What kind of offense will BYU run?
The answer to that question might depend on who ends up becoming the starting quarterback — a drop-back passer or a dual-threat QB.
Jeff Grimes speaks during the press conference introducing him as the new offensive coordinator for the BYU football program in Provo South on Saturday, Dec. 16, 2017. | Adam Fondren, Deseret News
Lamb said it will involve “how the offense shapes up and whether or not we’re looking for a guy that has a tendency to stand taller in the pocket or whether we decide to get a player in there that has a little more ability to extend plays and extend the pocket on his own and put pressure on the defense with his legs. Spring ball in a lot of ways is to answer a lot of those questions. Those questions still exist as of right now.”

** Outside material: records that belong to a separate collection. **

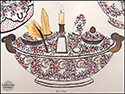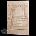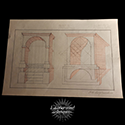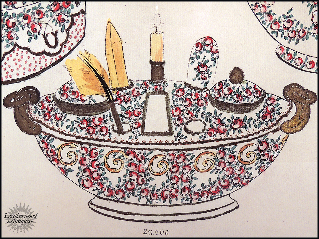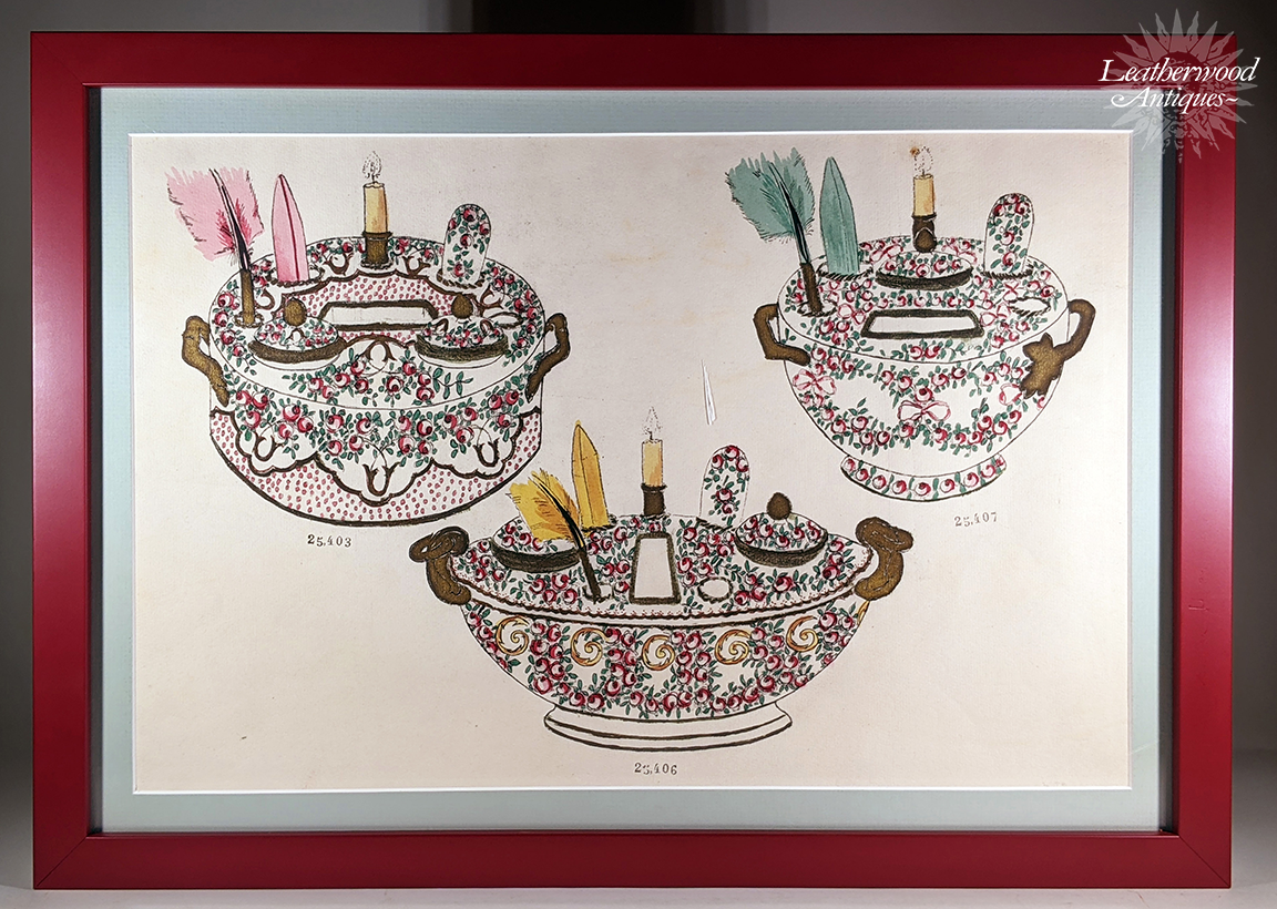 Watercolor & Ink factory pattern sheet that illustrates three "standishes"—specialized multi-component desk sets designed for the Regency-era writer. Each vessel incorporates a central taper-stick for sealing wax, lidded reservoirs for ink and pounce, and conical holders for quill pens. Decorated with delicate "French Sprig" florals and ornate gilded scrolls, these designs represent the height of English Bone China production. The specific pattern numbers (25405–25407) served as a vital reference for factory artisans, ensuring decorative consistency for luxury commissions. The watercolor housed in later frame.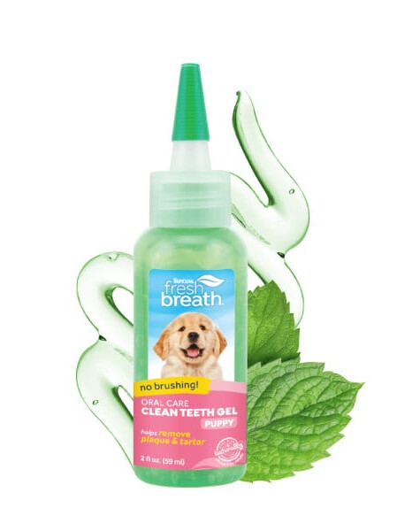 Dents PROPRES - Pas de brossage nécessaire ! Le gel d'hygiène bucco-dentaire Mint-Fresh Puppy est un nettoyant doux qui élimine la plaque, le tartre et les bactéries responsables de la mauvaise haleine, pour une bouche plus saine.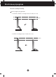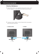 Monitoriaus prijungimas Prie‰ pastatant monitori˜, ∞sitikinkite, kad aparato, kompiuterio sistemos ir papildomos aparatros maitinimai yra i‰jungti. Stovelio atlenkimas 1. Monitori˜ padòkite ekranu Ïemyn ant pagalvòlòs arba mink‰to skuduròlio. 2. Laikykite stovà uÏ pagrindo ir kelkite j∞ tokia eilòs tvarka, kaip nurodyta paveikslòlyje. 3. Patraukite stovo pagrindà Ïemyn iki ta‰ko, nurodyto paveikslòlyje - taip i‰lankstysite stovà. 4.
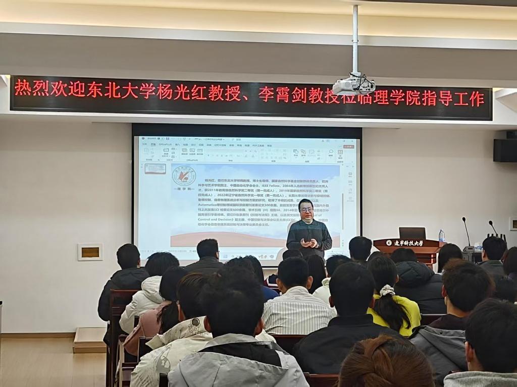 3月8日上午9点30分,理学院在明贤楼B315教室成功举办了一场数学研究专题讲座。本次讲座特邀东北大学信息科学与工程学院院长杨光红教授担任主讲嘉宾,由理学院2022级数学专业研究生李萌同学主持,吸引了众多理学院教师及研究生的积极参与。

The Cougars have a few experienced playmakers returing who will be looking for more production next season, including Freshman All-American tight end Matt Bushman, wide receiver Micah Simon and running backs Ula Tolutau, Squally Canada, Austin Kafentzis and KJ Hall. Meanwhile, BYU is losing some starting offensive linemen, like four-year starting center Tejan Koroma. But Grimes has extensive experience with developing an offensive line, and there are some some promising O-linemen looking for their chance to play.

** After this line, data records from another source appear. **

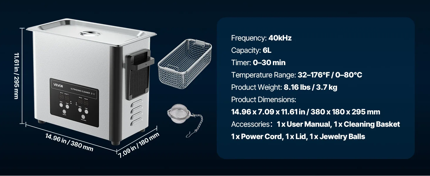 • Wide Application Range: Ideal for metals and precision instruments alike: carburetors, mechanical parts, airbrushes, watch bands, hardware, lab components, and more. Customizable temperature and timer settings cover more materials and scenarios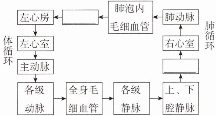 根据体循环和肺循环的连接关系,体循环是左心室→主动脉→各级动脉→全身毛细血管→各级静脉→上、下腔静脉→右心房,肺循环是右心室→肺动脉→肺泡内毛细血管→肺静脉→左心房,这里右心室与右心房相连,所以此处应填“右心房”。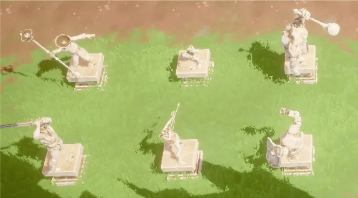 В саду вы увидите группу статуй. Обратите внимание на то, что внешние статуи смотрят внутрь композиции, а внутренние статуи смотрят друг на друга. Это нам пригодится позднее в комнате с головами.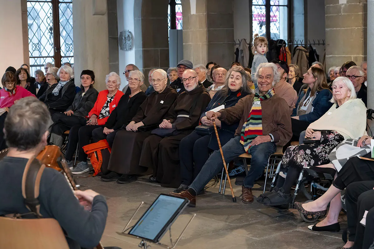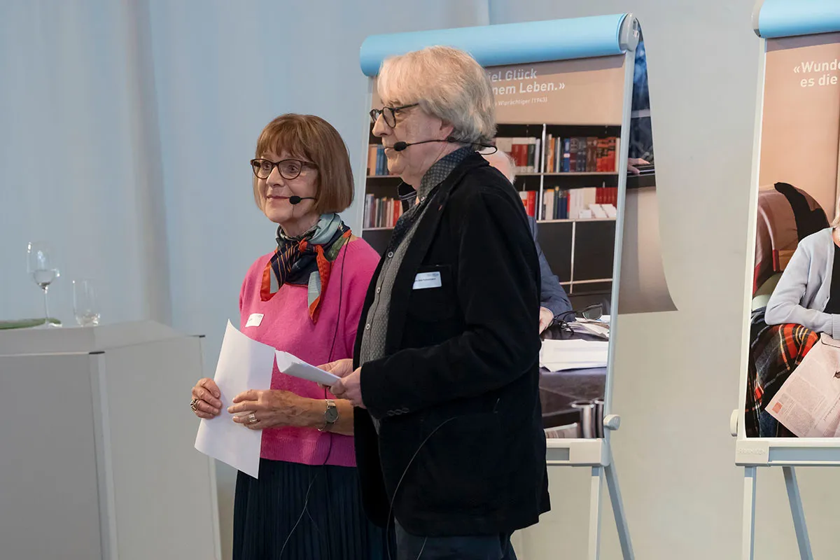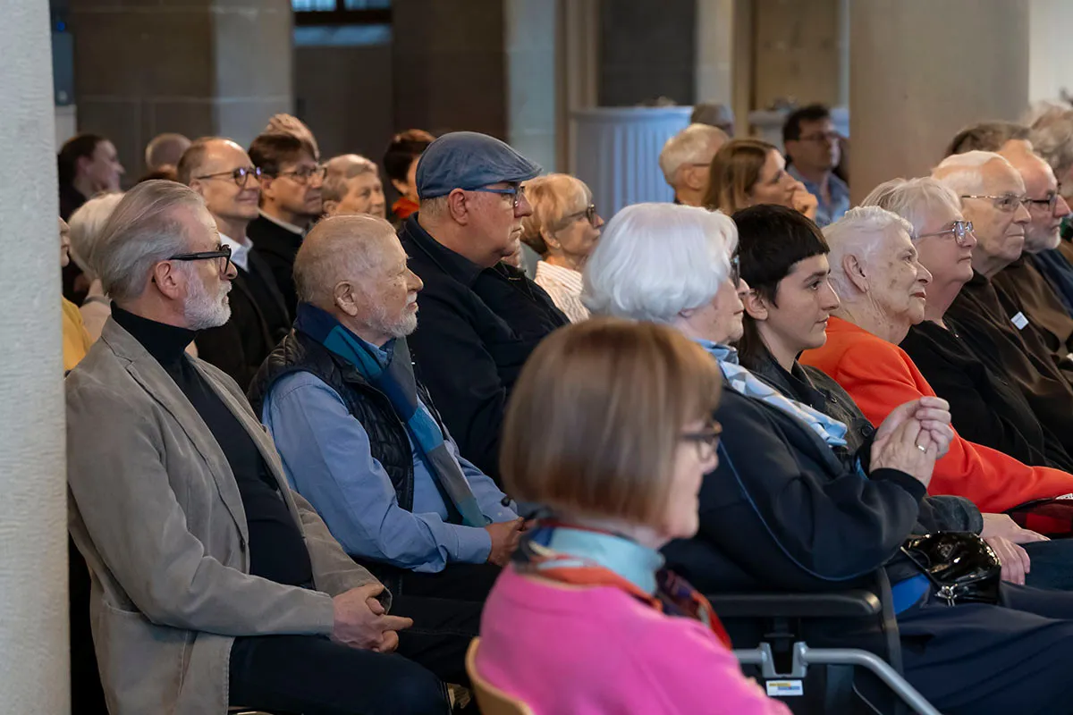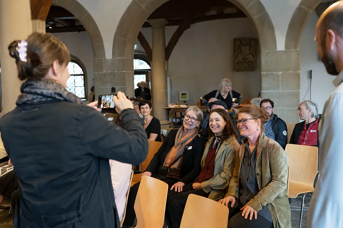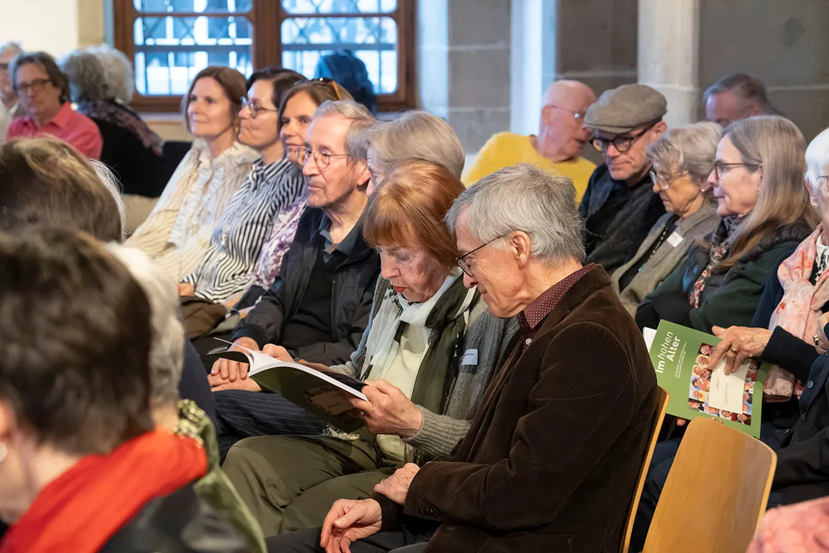 Die 24 in einem Buch und auf Plakaten porträtierten Luzernerinnen und Luzerner zwischen 82 und 97 Jahren trafen sich am Sonntag, 23. März 2025, in der Kornschütte Luzern zur Vernissage. Den Start der Sensibilisierungskampagne «Das hohe Alter» feierten mit ihnen Angehörige, Autor:innen und Promotor:innen des Forum-Luzern60plus-Projekts. Nach den Ansprachen, der Vorstellung der Porträtierten und der Verteilung des Buchs gings über zum festlichen Apéro.

BYU suffered an inordinate number of injuries last season, including to starters, and would-be starters like Mangum, tight end Moroni Laulu-Pututau, cornerback Troy Warner and linebacker Matt Hadley.
BYU wide receiver Moroni Laulu-Pututau reaches to make a reception against Mississippi State play in Provo at LaVell Edwards Stadium on Friday, Oct. 14, 2016. | Scott G Winterton, Deseret News
Hadley, who was a senior last season, has been working out with the Cougars during the offseason and is appealing to the NCAA for another year of eligibility.

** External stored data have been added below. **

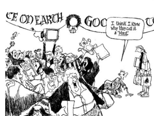 This past weekend I drove to the mall for holiday gifts. Entering TJ Maxx, I was flabbergasted by the towers of holiday merchandise, which spilled over into the narrow aisles, making for tricky navigation. Overwhelmed by this crass commercialism, I made a few purchases and raced to my car.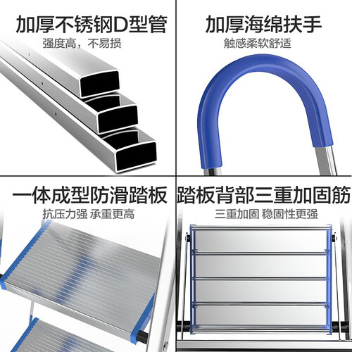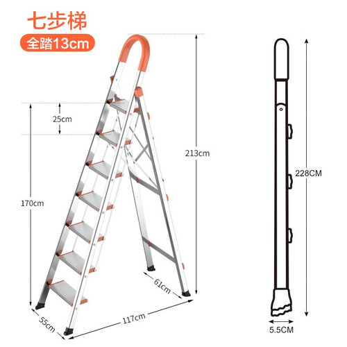 梯子整体选用不锈钢材质塑造而成,厚实耐用,具有较强的承重能力,不易开裂。踏板加宽设计,防滑性佳,踩踏更加安全。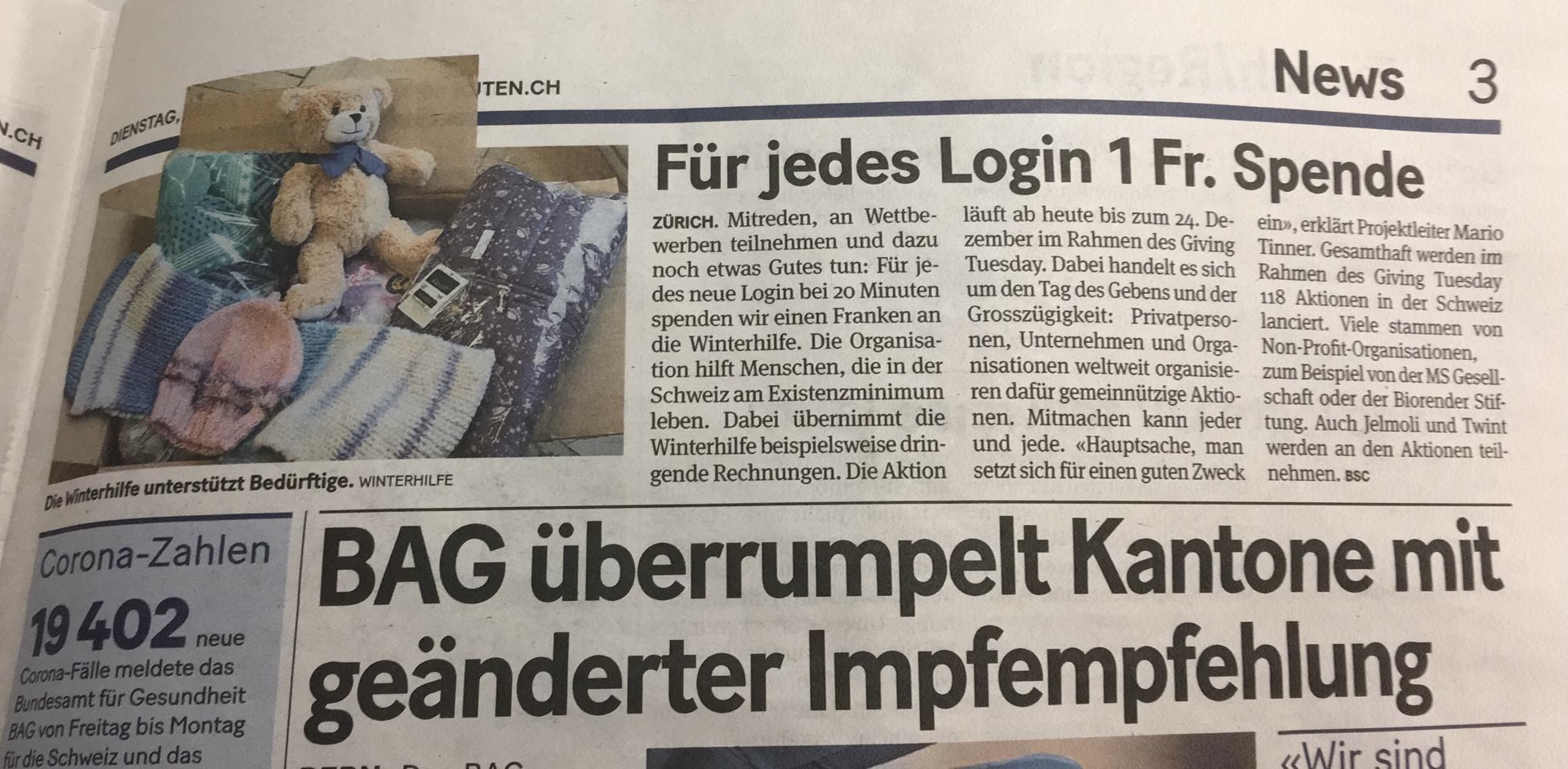 - 10/23: Zuerich24: Kleidersammlung für die Winterhilfe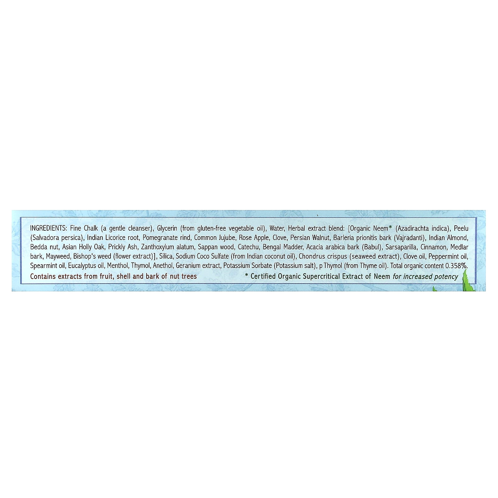 Fine chalk (a gentle cleanser), glycerin (from gluten-free vegetable oil), water, herbal extract blend: [organic neem* (azadirachta indica), peelu (salvadora persica), indian licorice root, pomegranate rind, common jujube, rose apple, clove, Persian walnut, barleria prionitis bark (vajradanti), indian almond, bedda nut, asian holly oak, prickly ash, zanthoxylum alatum, sappan wood, catechu, bengal madder, acacia arabica bark (babul), sarsaparilla, cinnamon, medlar bark, mayweed, bishop's weed (flower extract)], silica, sodium coco sulfate (from indian coconut oil), chondrus crispus (seaweed extract), clove oil, peppermint oil, spearmint oil, eucalyptus oil, menthol, thymol, anethol, geranium extract, potassium sorbate (potassium salt), p thymol (from thyme oil). total organic content 0.358%.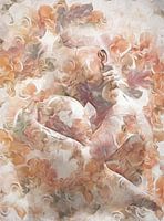 Een gebroken man en vrouw in innige omhelzing omringd door bloemblaadjes.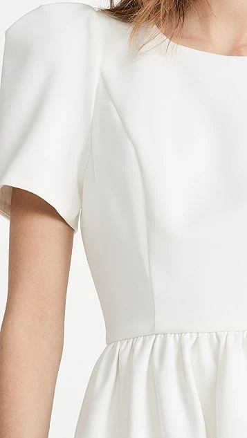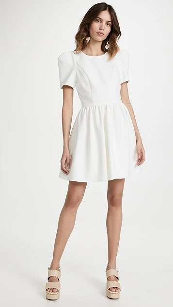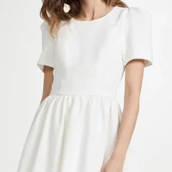 This sophisticated Black Halo mini dress is crafted from light-colored crepe, and juxtaposes a tidy, tee-style upper with a subtly flared skirt.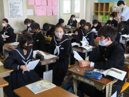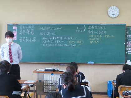 2Cの道徳は伊藤先生です。勇気と希望項目の中の「尾高惇忠が目指した富岡製糸場」についての授業です。大切な「御神木」を切ることになった。お願いをする際の、気持ちについて、命令では?姿勢を低く何度も出向いて話す?どんな姿勢が心を動かすのか・・・を考えていました。

“We feel like there’s a very strong case for that,” Lamb said.
Some will be limited during the spring.
"The best way to categorize it would be those who are competing on a full-speed, full-contact basis and everyone else would be in a limited category. Tanner and Moroni will be limited, participating in procedural offensive installation,” Lamb said.
Running back Ula Tolutau will also be participating in the spring on a limited basis. “He’s still working through some lower leg issues,” Lamb said.
BYU defensive back Zayne Anderson pushes Utah running back Zack Moss out of bounds at LaVell Edwards Stadium in Provo on Saturday, Sept. 9, 2017. | Spenser Heaps, Deseret News
As usual, there are some position changes that will be looked at during the spring.
“We’ve had several on defense that are more experimental in nature as we try to get the best 11 guys on the field,” Lamb said.
Safety Zayne Anderson will be taking reps at outside linebacker, the same position that NFL-bound Fred Warner played last season for the Cougars.
Dayan Ghanwoloku will “take a significant number of reps” at strong safety and Sione Takitaki is moving from defensive end to a boundary linebacker spot.
Newcomers and others who could emerge
BYU defensive back Austin Lee and other players leave the field after losing 40-6 to the Wisconsin Badgers at LaVell Edwards Stadium in Provo on Saturday, Sept. 16, 2017. | Spenser Heaps, Deseret News
There are plenty of young players and transfers who are poised to make their mark at BYU this fall, including offensive linemen Tristen Hoge, a Notre Dame transfer, and Taipe Vaka, James Empey and Brady Christensen; tight end Joe Tukuafu; running back Zach Katoa; wide receiver Tariq Buchanan; linebackers Christian Folau and AJ Lolohea; and defensive linemen Keanu Saleapaga, Wayne Tei-Kirby and Earl Tuioti-Mariner are expected to make an impact.
Meanwhile, several Cougars who sat out last season or saw limited playing time could make significant contributions — defensive linemen Tevita Mo’unga, safety Austin Lee and linebacker Rhett Sandlin.